Exercise details:
Copy the data that appears below exactly. Drop the pictures.

Entries supplied:

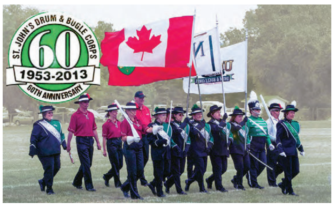
Former members of St John's who march in various alumni corps (St John's Reunion, 2013)

organization alive. Using social media and holding fundraising events to keep their alumni members connected and involved, the Committee's focus is to continue to support local youths in their pursuit of the Drum Corps experience that each of us once shared and will forever treasure.
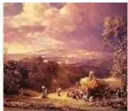
The Song of the Earth — JONATHAN BATE

As the ancient wisdom reminds us, the Song Of The Earth is a melody that connects us all. It is a call to rediscover our deep-rooted connection to nature and to cherish and protect the planet that sustains us. So pause, breathe, and tune in to the captivating melody that sings through the Earth – the Song Of The Earth.
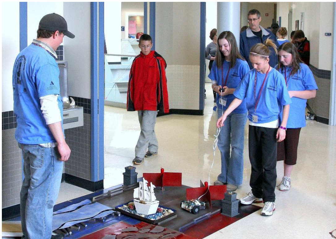
The Tera Heights all-girls TekBot® team navigates the road-obstacle course.
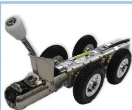
LATERAL & MAINLINE INSPECTION

All CUES systems are proudly made in America!
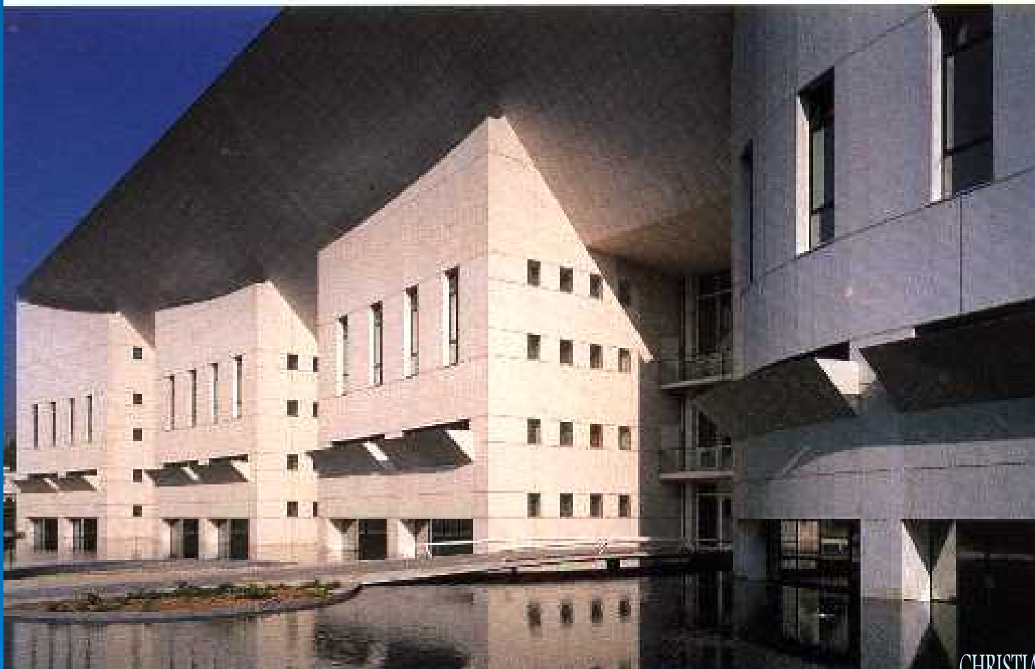
CHRISTIAN DE PORTZAMPARC, CITE DE LA MUSIQUE, LA VALITTE, PARIS,
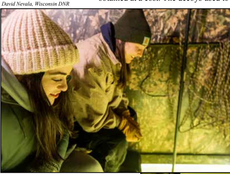
Patience and stillness are paramount when sturgeon spearing. Don't fall asleep, though - that cold water is not the wake-up call you want on a February in Wisconsin!

and harvest a lake sturgeon are quite varied and often hand-crafted heirlooms passed down through generations; these can be anything from a white coffee cup to an elaboratelycarved and painted wooden and copper lure. Instead of a hook and line, these sturgeon hunters use a heavy, barbed spear. You may have seen some of these decoys and spears at the 2019 "Ancient Survivors" exhibit in Fond du Lac at the Thelma Sadoff Center for the Arts in collaboration with the Wisconsin Water Library. If you didn't, you can view many photos from the exhibit online at <u>http://bit.</u> <u>ly/2HUCemQ</u>.
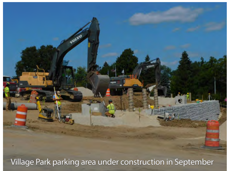
Village Park parking area under construction in September

For more information about public projects, visit menomonee-falls.org/publicprojects
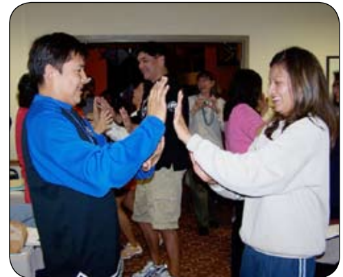
PAK Teams demonstrating Exercise Breaks.

A special thanks to the PAK Field Teams 2007 and our Indian Health Service partners (Health Promotion Disease Prevention, Head Start, Community Health Representatives and Nutrition) pictured above.
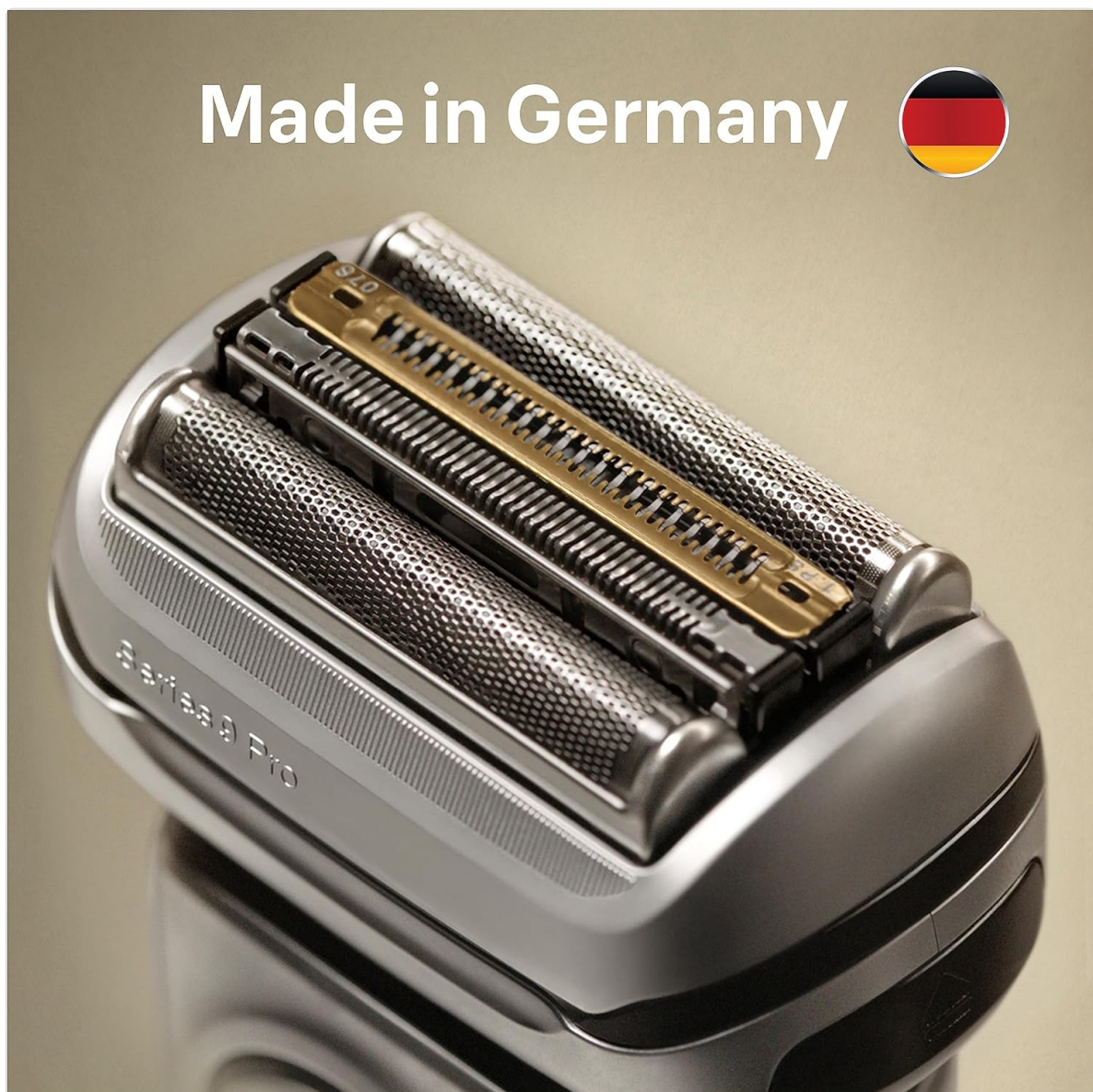
Figure 6: The Braun 94M shaver head is crafted with 100% German quality.
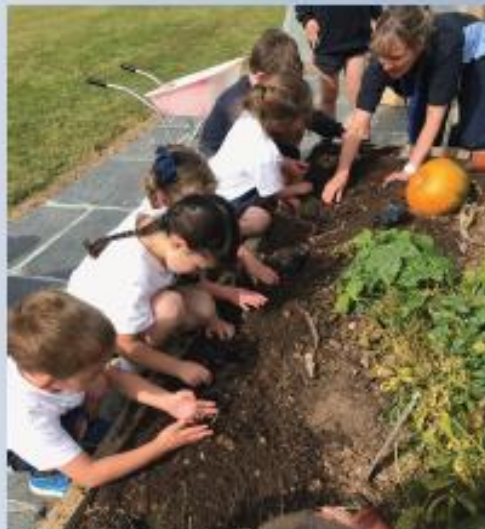
Planting onions, Sept 2020
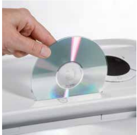
Separate feed opening for CDs, DVDs, cheque and credit cards guarantees reliable shredding of optical, magnetic and/or electronic data carriers
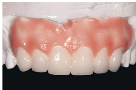
FIGURE 8. Diagnostic waxups can be used on mounted models for patient consultation and acceptance of the desired outcome.

The placement of provisional restorations enables maintenance of the
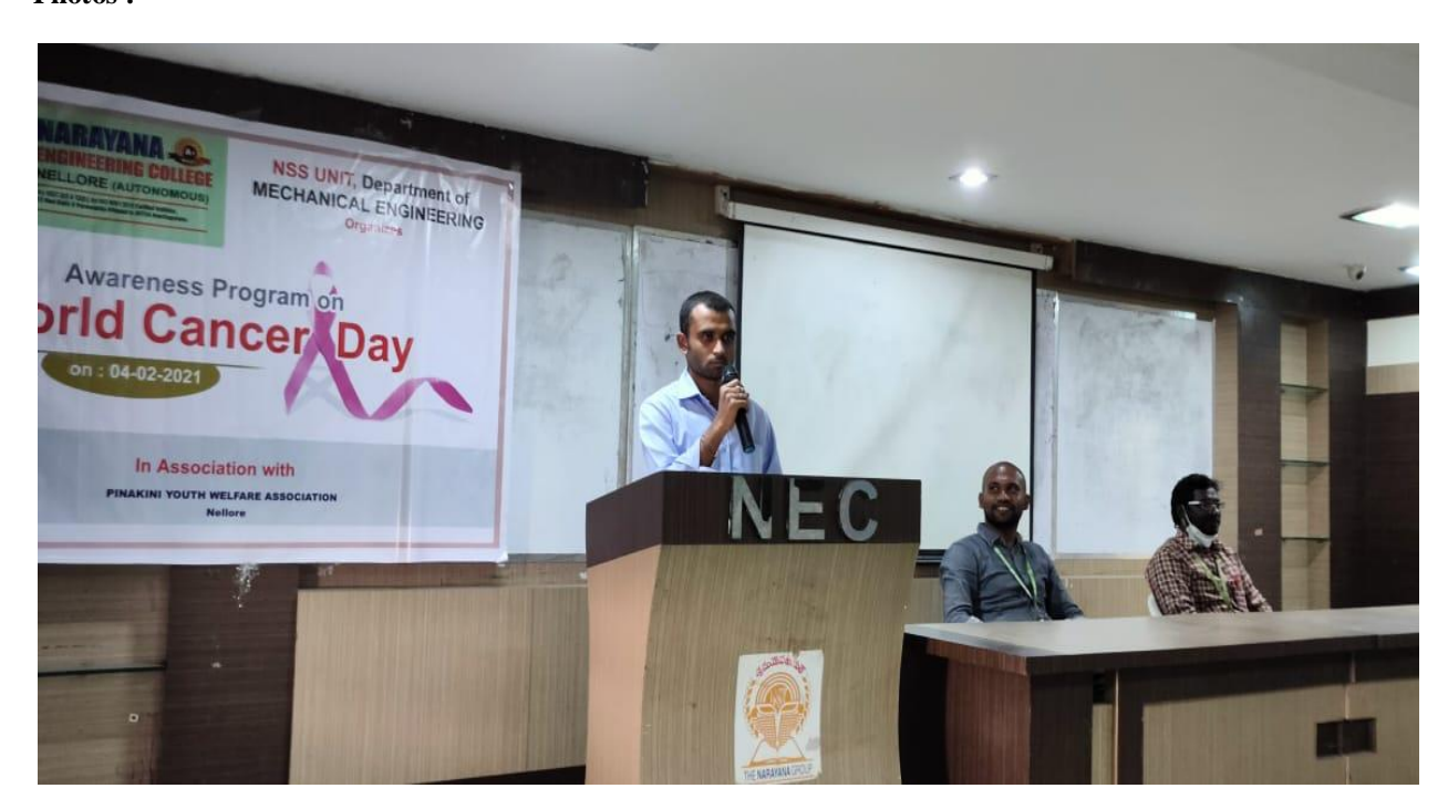
Doctor explaining the consequences of Cancer to the students of NECN
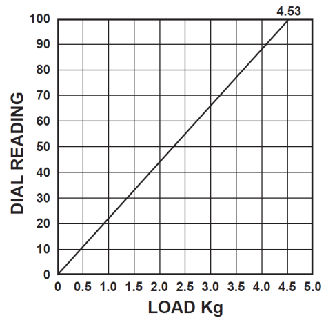
Force curve for Model 307L (ASTM D2240 Type D)

Place the specimen on a hard, horizontal surface. Set the ancillary hand of the durometer below 5 points on the dial. Hold the durometer vertically with the point of the indenter at least 1/2" from any edge. Apply the presser foot to the specimen as rapidly as possible, without shock, keeping the foot parallel to the surface of the specimen. Apply just sufficient force to obtain firm contact between the presser foot and the specimen. Hold for 1 or 2 seconds, the maximum reading can be obtained from the ancillary hand. If other than a maximum reading is needed, hold the durometer in place without motion and obtain the reading after the required time interval. Make 5 tests at least 1/4" apart and use the average value.
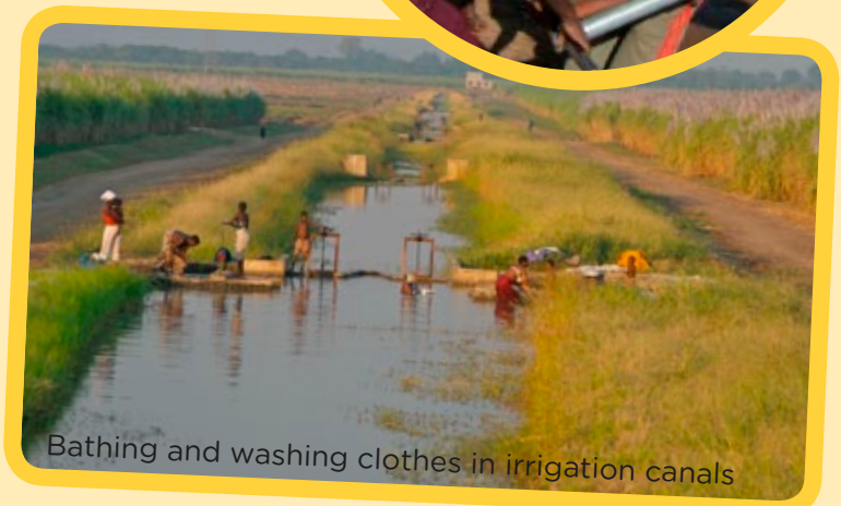
Bathing and washing clothes in irrigation canals
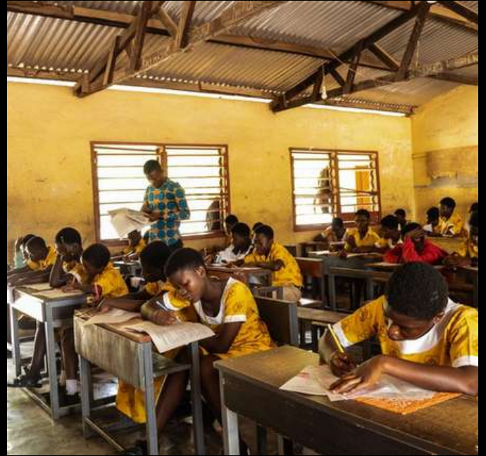
Visit to a school
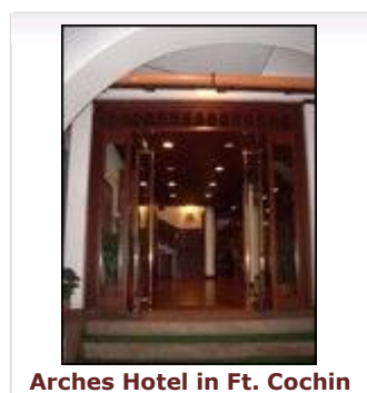
Arches Hotel in Ft. Cochin

We were shown upstairs to our room, which was lovely, with Keralan cherry wood and white walls, t.v, fridge, shower, air conditioning, fan, and 2 windows.
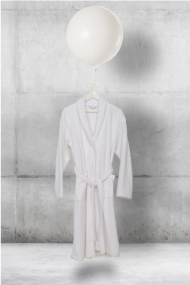
Microvelour, the lightest velour bathrobe on the planet

The earth – our products come from it, and Greenera aims to preserve it.
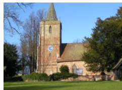
St Mary's Dymock
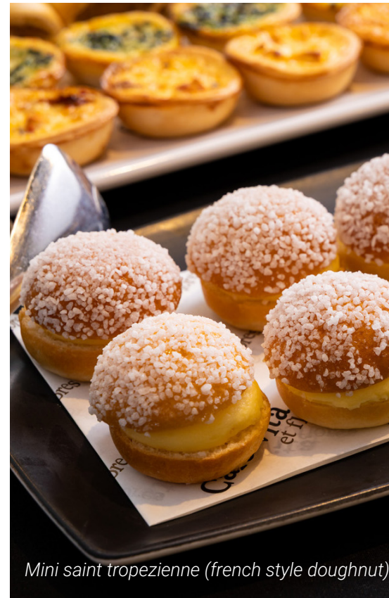
Mini saint tropezienne (french style doughnut)
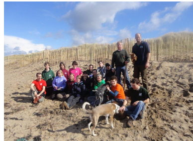
Young volunteers from Bristol University who gave up their weekend help with the scheme

Printed by Printshop UK Ltd Old Ice Factory, Barnstaple EX31 1JP

Written solution:
Former members of St John's who march in various alumni corps (St John's Reunion, 2013)

organization alive. Using social media and holding fundraising events to keep their alumni members connected and involved, the Committee's focus is to continue to support local youths in their pursuit of the Drum Corps experience that each of us once shared and will forever treasure.
The Song of the Earth — JONATHAN BATE

As the ancient wisdom reminds us, the Song Of The Earth is a melody that connects us all. It is a call to rediscover our deep-rooted connection to nature and to cherish and protect the planet that sustains us. So pause, breathe, and tune in to the captivating melody that sings through the Earth – the Song Of The Earth.
The Tera Heights all-girls TekBot® team navigates the road-obstacle course.
LATERAL & MAINLINE INSPECTION

All CUES systems are proudly made in America!
CHRISTIAN DE PORTZAMPARC, CITE DE LA MUSIQUE, LA VALITTE, PARIS,
Patience and stillness are paramount when sturgeon spearing. Don't fall asleep, though - that cold water is not the wake-up call you want on a February in Wisconsin!

and harvest a lake sturgeon are quite varied and often hand-crafted heirlooms passed down through generations; these can be anything from a white coffee cup to an elaboratelycarved and painted wooden and copper lure. Instead of a hook and line, these sturgeon hunters use a heavy, barbed spear. You may have seen some of these decoys and spears at the 2019 "Ancient Survivors" exhibit in Fond du Lac at the Thelma Sadoff Center for the Arts in collaboration with the Wisconsin Water Library. If you didn't, you can view many photos from the exhibit online at <u>http://bit.</u> <u>ly/2HUCemQ</u>.
Village Park parking area under construction in September

For more information about public projects, visit menomonee-falls.org/publicprojects
PAK Teams demonstrating Exercise Breaks.

A special thanks to the PAK Field Teams 2007 and our Indian Health Service partners (Health Promotion Disease Prevention, Head Start, Community Health Representatives and Nutrition) pictured above.
Figure 6: The Braun 94M shaver head is crafted with 100% German quality.
Planting onions, Sept 2020
Separate feed opening for CDs, DVDs, cheque and credit cards guarantees reliable shredding of optical, magnetic and/or electronic data carriers
FIGURE 8. Diagnostic waxups can be used on mounted models for patient consultation and acceptance of the desired outcome.

The placement of provisional restorations enables maintenance of the
Doctor explaining the consequences of Cancer to the students of NECN
Force curve for Model 307L (ASTM D2240 Type D)

Place the specimen on a hard, horizontal surface. Set the ancillary hand of the durometer below 5 points on the dial. Hold the durometer vertically with the point of the indenter at least 1/2" from any edge. Apply the presser foot to the specimen as rapidly as possible, without shock, keeping the foot parallel to the surface of the specimen. Apply just sufficient force to obtain firm contact between the presser foot and the specimen. Hold for 1 or 2 seconds, the maximum reading can be obtained from the ancillary hand. If other than a maximum reading is needed, hold the durometer in place without motion and obtain the reading after the required time interval. Make 5 tests at least 1/4" apart and use the average value.
Bathing and washing clothes in irrigation canals
Visit to a school
Arches Hotel in Ft. Cochin

We were shown upstairs to our room, which was lovely, with Keralan cherry wood and white walls, t.v, fridge, shower, air conditioning, fan, and 2 windows.
Microvelour, the lightest velour bathrobe on the planet

The earth – our products come from it, and Greenera aims to preserve it.
St Mary's Dymock
Mini saint tropezienne (french style doughnut)
Young volunteers from Bristol University who gave up their weekend help with the scheme

Printed by Printshop UK Ltd Old Ice Factory, Barnstaple EX31 1JP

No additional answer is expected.